The expected count in a Chi-Square Goodness-of-Fit test is critical for comparing observed data with what we would theoretically anticipate under the null hypothesis. It's calculated by taking the total number of observations and multiplying it by what we'd expect the proportion of that category to be if the null hypothesis were true.

For instance, if a die is fair, we'd expect each number to come up about one-sixth of the time in a large number of rolls. If we rolled the die 600 times, the expected count for each number would be 100 rolls. In a statistical test, we apply the same principle to see if our observed data significantly deviates from these expected counts, which might suggest that the die is not fair after all.

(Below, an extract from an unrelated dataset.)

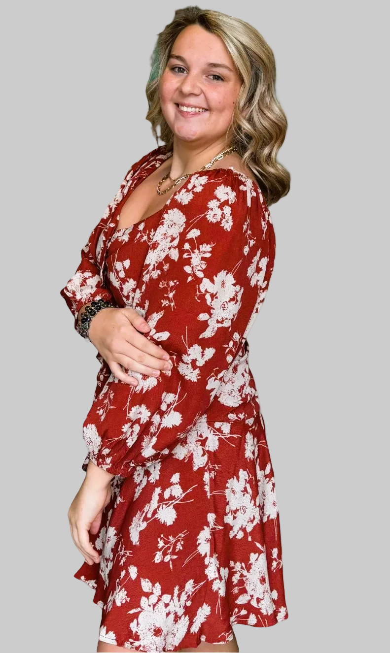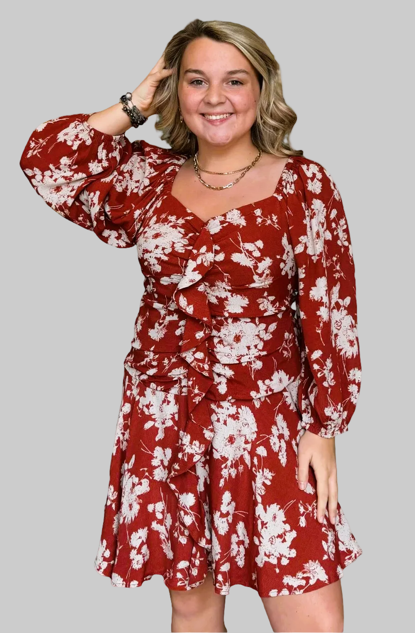 Add a touch of sweetness to your wardrobe with our Sweetheart Neckline dress. Featuring playful bubble sleeves and a beautifully ruched bodice, this dress in a crimson floral print will surely make a statement. Perfect for any occasion, this dress will have you looking effortlessly stylish. LINED
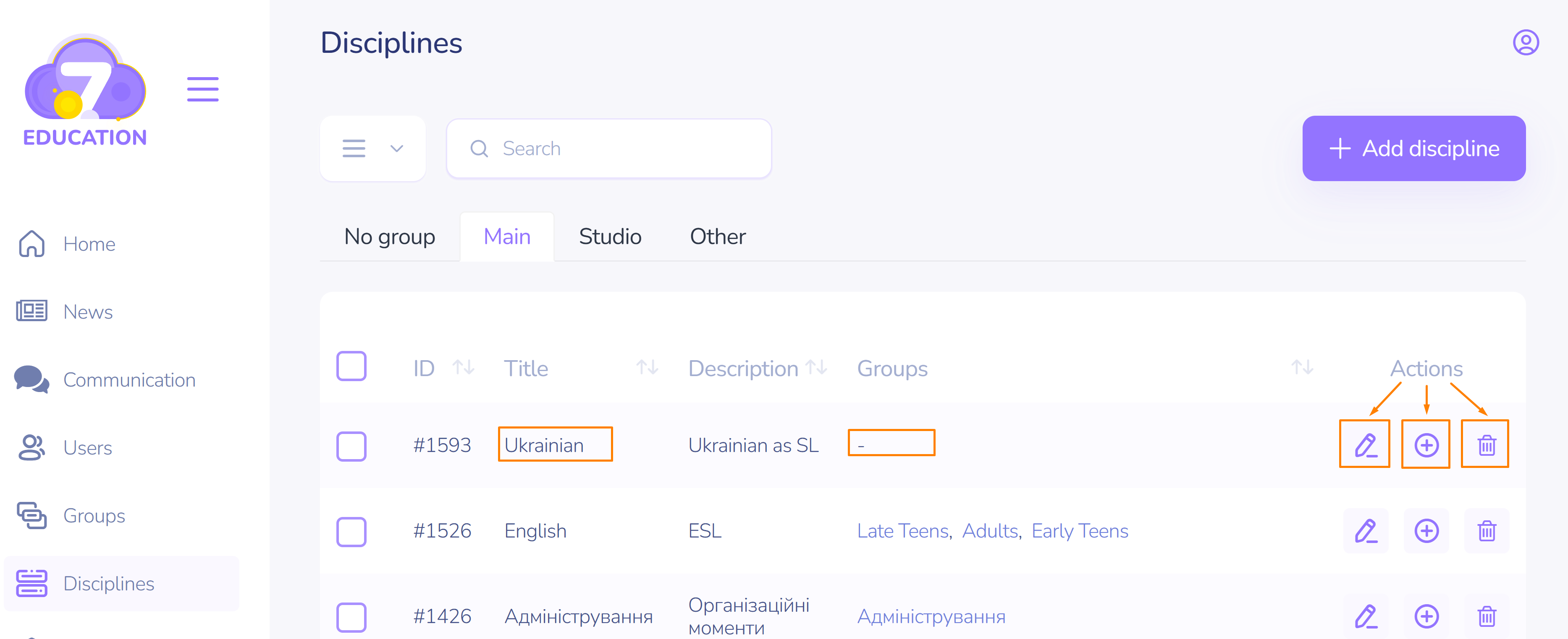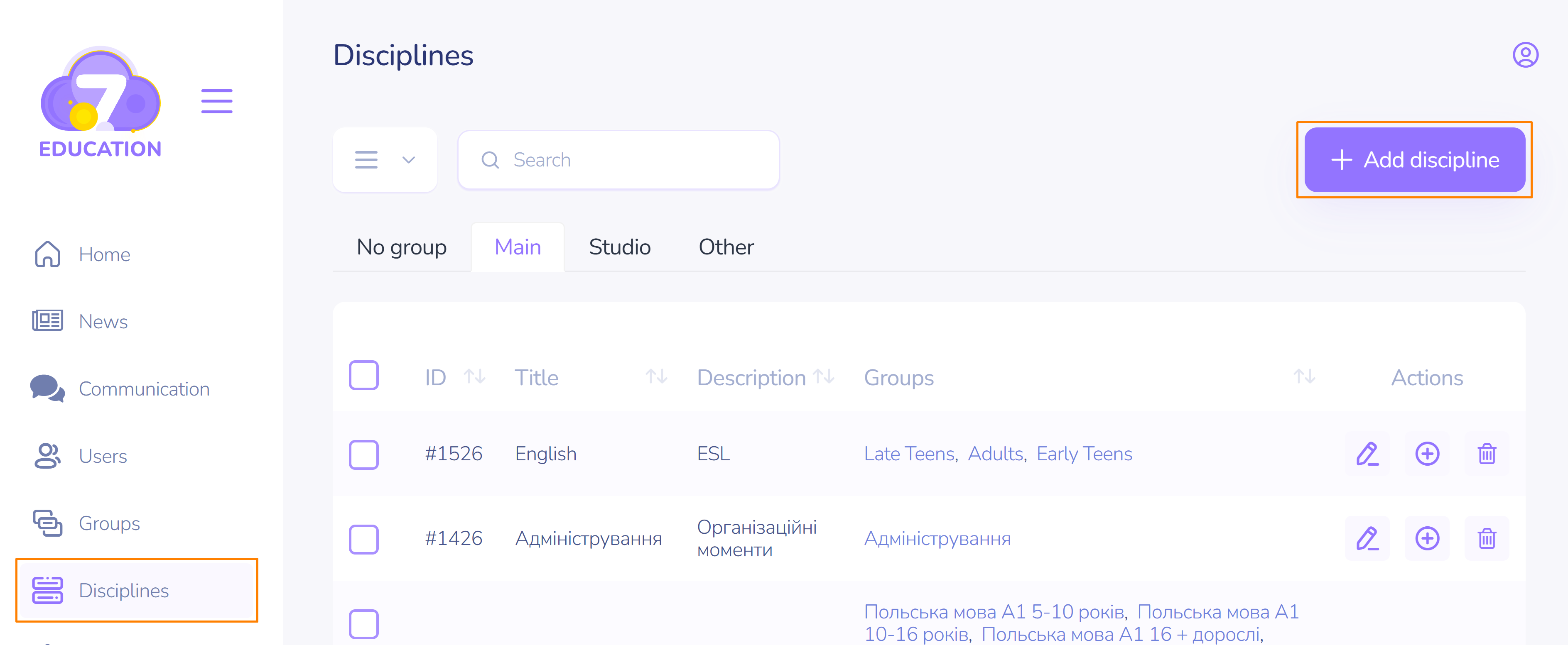 If necessary, the discipline can be edited (change the name, description, type), groups of users can be enrolled/dropped, or it can be deleted using the corresponding option in the Actions section on the right in the row with the discipline name.

In the provided exercise, the total number of observations was 2000, and the expected proportion of category B, according to the null hypothesis, was 0.35. Thus, the expected count for category B was calculated to be 700, highlighting how frequent we would expect category B to occur purely by chance if the null hypothesis held true.

Chi-Square Statistic

The chi-square statistic is a measure used to evaluate how well observed outcomes fit expected outcomes under the null hypothesis. It's calculated by summing the squares of the differences between the observed (\(O\)) and expected (\(E\)) counts, divided by the expected counts for all categories.

Mathematically, we express this as \( \chi^2 = \sum \frac{(O_i - E_i)^2}{E_i} \), where \(O_i\) and \(E_i\) are the observed and expected counts for category \(i\), respectively. A higher chi-square value indicates a greater discrepancy between the observed and expected data, which can lead us to question the validity of the null hypothesis.

In our exercise, we saw a contribution to the chi-square statistic for category B calculated to be 1.389. This value is just one part of the overall chi-square statistic, which would be completed by calculating similar contributions for each category and summing them up.

Degrees of Freedom

Degrees of freedom are an essential concept in statistics, representing the number of values in a calculation that are free to vary. When conducting a Chi-Square Goodness-of-Fit test, the degrees of freedom are determined by the number of categories we are examining minus one.This subtraction accommodates the constraint that the total observed frequencies must equal the total expected frequencies. The degrees of freedom affect the shape of the chi-square distribution, which is used to determine the p-value of the test. In general, the more degrees of freedom, the closer the distribution will look to a normal distribution.

In the context of the exercise, the chi-square distribution is based on six categories, meaning the degrees of freedom we calculated were 5 (\(6 - 1 = 5\)). This figure is then used to reference the chi-square distribution table or a computational tool to assess the likelihood of observing a chi-square statistic as extreme as our calculation, assuming the null hypothesis is true.

Null Hypothesis

The null hypothesis (\(H_0\)) in a statistical test is a statement of no effect or no difference. It's the default assumption that there is no relationship between two measured phenomena. In a Chi-Square Goodness-of-Fit test, we use the null hypothesis to specify the expected probabilities of the different categories if the hypothesis is true.

To test the null hypothesis, we compare the observed data with what we would expect under this assumption. If the observed data are significantly different from the expected data, we may have enough evidence to reject the null hypothesis in favor of the alternative hypothesis (\(H_a\)), which suggests that at least one of the expected probabilities does not hold true.

In our exercise, the table provided the expected probabilities for each category under the null hypothesis. A deviation from these probabilities in our observed data might indicate that the assumption of the null hypothesis - that the data fits these expected probabilities - could be incorrect.